To be sure, Sex and the City is still as pink, tangy, and sharp as one of main character Carrie Bradshaw's trademark Cosmopolitans. The brazen outfits -- gold chains and screaming colors, Manolo Blahniks and giant bags -- are all present and accounted for. So is the show's acid-tongued sense of humor. Only now the characters face different dilemmas. Each episode, sex columnist Carrie taps out a different question on her computer, the thematic glue for the show -- "How much does a father figure figure?" Or, "Do women really want marriage and children? Or are we just programmed?" The question for this season, however, was more like: "What's a girl to do when her unspoken fears come true?"
It was an interesting turnabout. The two characters devoted to the pursuit of fairy tales -- Charlotte and Carrie -- found only unhappy endings. Charlotte (played by Kristin Davis), a traditionalist obsessed with becoming a well-heeled wife and mommy, winds up divorced and childless. Carrie (Sarah Jessica Parker), who wants both her independence and a Prince Charming, nearly ends up with neither. After breaking up with her fiance Aidan, Carrie faces eviction, a tiny bank account, and an exploding closet of $500 shoes. "I'll be a bag lady--a Fendi bag lady, but a bag lady," she says gamely.
Meanwhile, the two women who had avoided emotional entanglement find themselves with a messy abundance of it. Miranda (Cynthia Nixon), a prickly-pear workaholic and avid believer in personal space, finds hers invaded by an unexpected baby and the ministrations of the sweet but drippy father, her ex, Steve. Samantha (Kim Cattrall), an über-minx devoted to the zipless fuck, falls in love and gets her heart broken.
Ending a season this way certainly works as a lure for viewers, who are left to wonder: Will Miranda, who nearly dropped a friend's baby off her couch, be able to mother her new child? How will Charlotte cope with her "failure" to become a high-society wife and mother? Will Samantha return to her cartoonish zest for sex, or is she chastened by her brush with love? And will Carrie recover from the loss of not only her fiance, but of her big love for Mr. Big, a dapper, commitment-phobic financier who is moving away from New York and his years-long involvement with her?
The answers lie in what might be the strongest part of the show -- the women's relationships with each other. While the men are often horrors -- Carrie's new father figure actually wants to get in her panties, and Big and Aidan bellow and fight with each other like walruses on the beach -- the women are one another's truest support. Miranda discovers her motherly side as she consoles Charlotte over her childlessness. Carrie reaches out to her female friends for the stability she needs. And the show's writers even seem to propose that the women are symbolically married to each other. After Carrie catches a horrified glimpse of the ring Aidan has bought for her, Samantha goes shopping with him and picks out the perfect one. Charlotte saves Carrie from eviction by letting her pawn the engagement ring from her failed marriage.

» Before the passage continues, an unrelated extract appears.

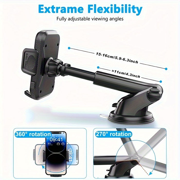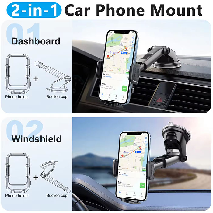 - 2-in-1 Mounting Options: Easily mount on the windshield, dashboard.

All in all, then, Sex and the City has done a remarkable job of deconstructing the romantic myths that many straight women grapple with. The show gives us elements of fantasy outside the bedroom -- with the characters' fancy clothes and glamorous jobs -- and nightmare in the bedroom, with an incredible freakshow of male farters, burpers, baby-talkers, stalkers, and no-shows. But it also gives us something else -- a richly detailed depiction of female friendship. It's next to revolutionary to portray women's relationships as anything but catty in the world of TV. How much better to give viewers what they may be secretly yearning for, or cherish already: a group of women confidantes who are smart, savvy, and unflinchingly honest.
So while Miranda, Charlotte, Carrie, and Samantha stride, mince, teeter, and strut down the streets of New York toward their uncertain futures, they are not alone. At this critical juncture in their lives, with motherhood or lonely nights looming, it helps that they already know how to be a family.